Stored items
========================
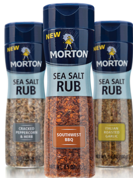
Morton Sea Salt Rubs

In spices and seasonings, it can include ergonomic shapes and closures that allow for one-hand pouring, like Morton's Sea Salt and Sea Salt Rubs, both designed by Studio One Eleven®.
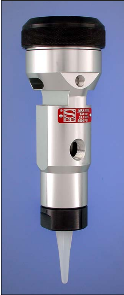
2200-033-000-AA Snuf-Bak Dispense Valve

2200-033 valves are designed for high volume automated applications using a medium to high viscosity, single component adhesive, sealant or lubricant. Its design is readily adapted to a robot end-of-arm tool or an automated fixture.
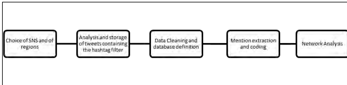
Figure 1. Overview of the research method

The starting point for the research method (figure 1) was the choice of which social platform to use in order to carry out the study.
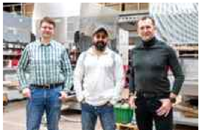
Technical interaction with experts during international training program
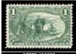
OFFER #26825 #285, F-VF, NH OUR PRICE $50-
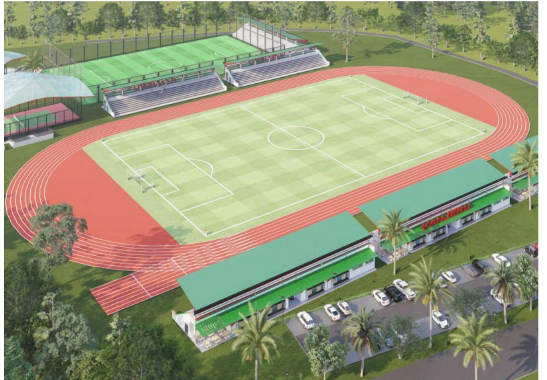
Design for Kanjeru Stadium in Kabete

Butterfly FC 3 - 0 Tumaini FC COPIA FC 10 - 0 Black Wolves FC
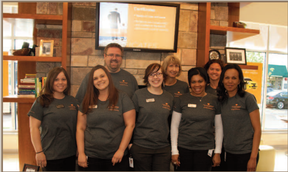
TruStone's Lyn-Lake branch opened in Minneapolis on May 18, 2010.
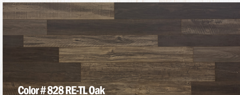
Color # 828 RE-TL Oak
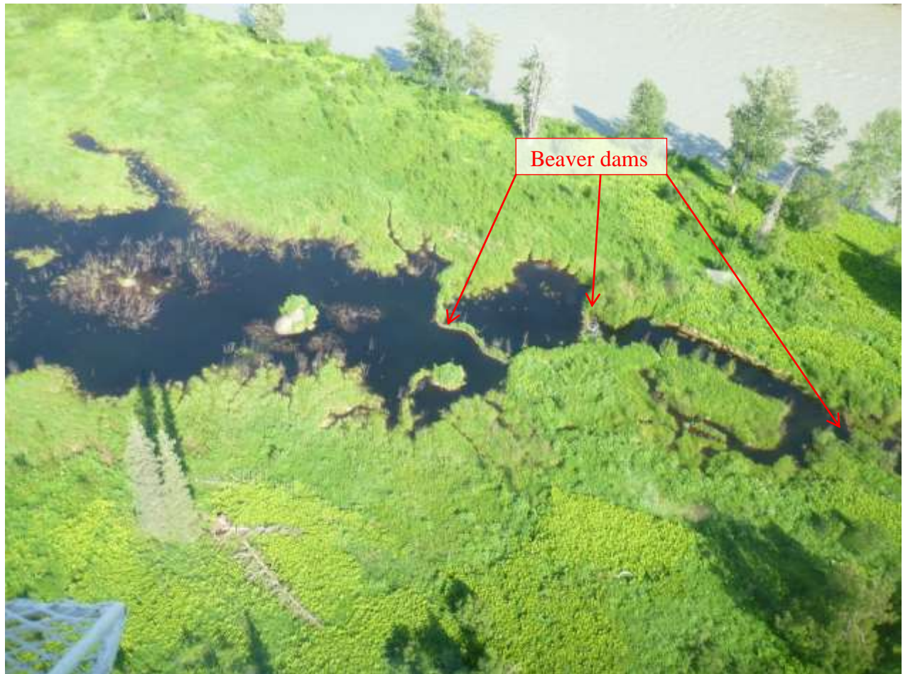
Figure 9. Aerial view of beaver pond complex, Riparian Vegetation Study area, Susitna River floodplain, Alaska, 2012.
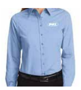
L608 Easy Care Shirt 4.5-ounce, 55/45 cotton/poly

Colors: Royal (Shown), Strong Blue, Light Stone, White, Jet Black
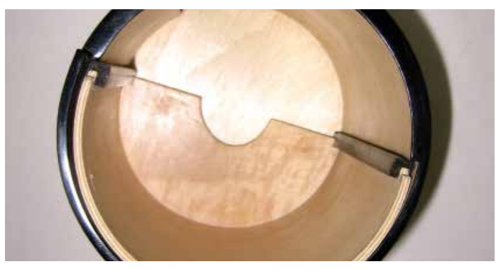
Use off-cuts from the drawer to locate the position of the drawer box within the housing

The drawer assembly is ready for the final mounting on the cabinet. Spread a small amount of glue in the dados on the drawer support and on the tongue for the housing and slide the assembly on the cabinet for the last time. You may drive a screw through the back on the housing into the cabinet support for added strength. I'm excited about the unlimited creative possibilities that round drawers offer and I'm eager to see other furniture makers experiment with the concept.
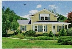
WILLIMANTIC, CT $99,000 1,238 square feet 3 beds, 1 bath
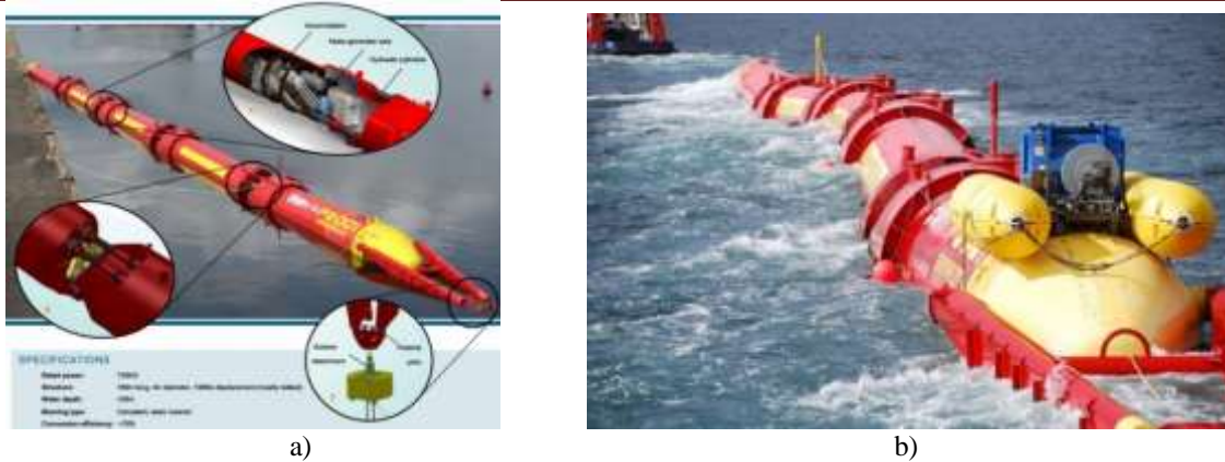
Figure 1. Pelamis machines
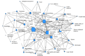
Figure 1. Social network visualization structure map of high-frequency keywords.
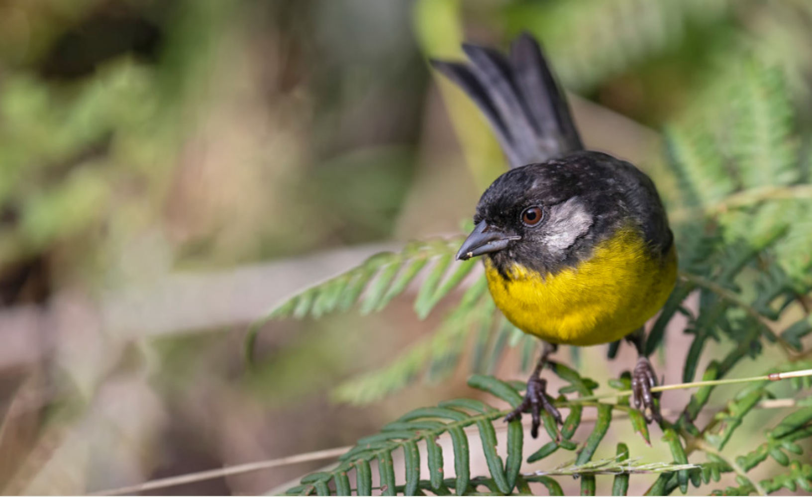
Santa Marta Brush-finch
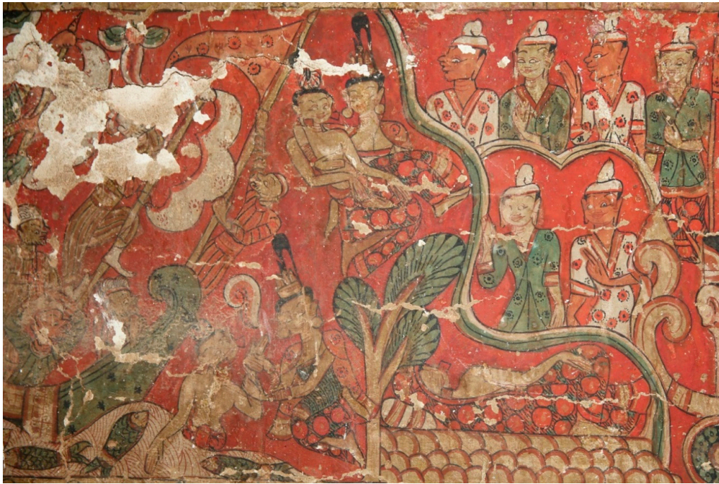
Figure 7. Anaint, 18th century. Foreigners as merchants in the Mahājanaka Jātaka, identifiable by their ugly facial features and attire.
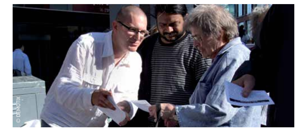
A more democratic Europe: thanks to the Lisbon Treaty, European citizens can now propose new laws.

The European Council fixes the EU's goals and sets the course for achieving them. It provides the impetus for the EU's main policy initiatives and takes decisions on thorny issues that the Council of Ministers has not been able to agree on. The European Council also tackles current international problems via the 'common foreign and security policy' — which is a mechanism for coordinating the foreign policies of the EU's Member States.
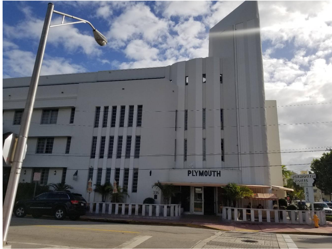
(5) - 3/8/21
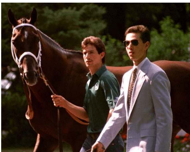
Horse of the Year Criminal Type & Todd Pletcher in 1990

“I like to think that I imparted something of value to those young men,” he said. “Having said that, I think those guys [former assistants] were going to be successful if they had never met me, but maybe I pushed them along a little quicker. It was the appearance of the barn and the horses, a lot of the little things that go unnoticed, that helped make a difference. But I also tried to change those kids' lives. I still love them, I really do. It's just the coach in me, I guess.”
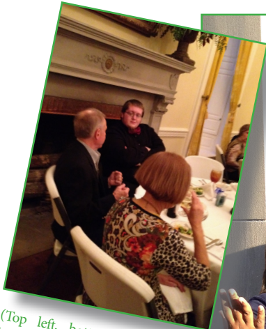
(Top left, bottom left and top right) SNATS members perform for and rub elbows with the Hartville Kiwanis
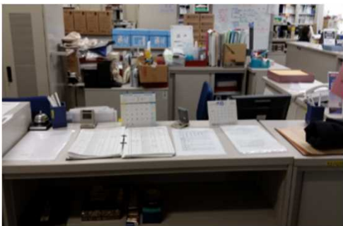
← Counter of the ICT Faculty Support Desk (Inside the Office of Environmental and Faculty Management ,1F Building 2)
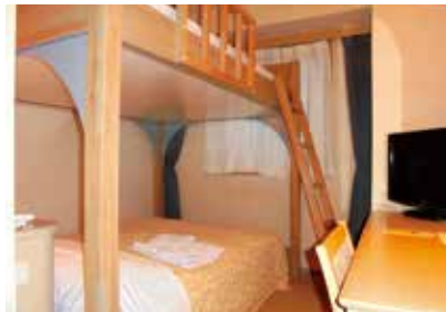
Double deck bed room for family
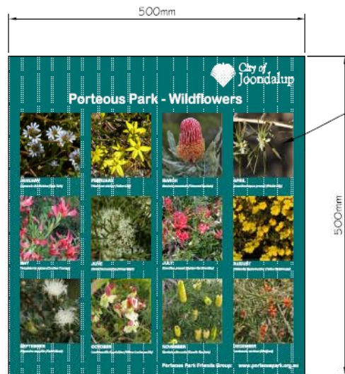
INTERPRETIVE SIGN SCALE: 1:50

8mm ALUMINIUM OR MILD STEEL PLATE POWDER COATED TEAL PM55473 CONCRETED A MIN OF 150mm BELOW GROUND
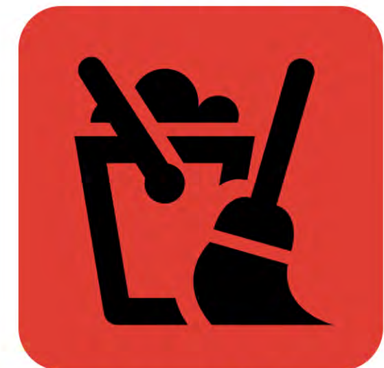
Housekeeping / Maintenance
========================
- WORK ITEM
Using the records above, print exactly the run of lines that starts with the line with "Figure 1. Overview of the research method" and goes on through the line with "Design for Kanjeru Stadium in Kabete", pictures excluded.

- RESPONSE TO THE TASK
Figure 1. Overview of the research method

The starting point for the research method (figure 1) was the choice of which social platform to use in order to carry out the study.
Technical interaction with experts during international training program
OFFER #26825 #285, F-VF, NH OUR PRICE $50-
Design for Kanjeru Stadium in Kabete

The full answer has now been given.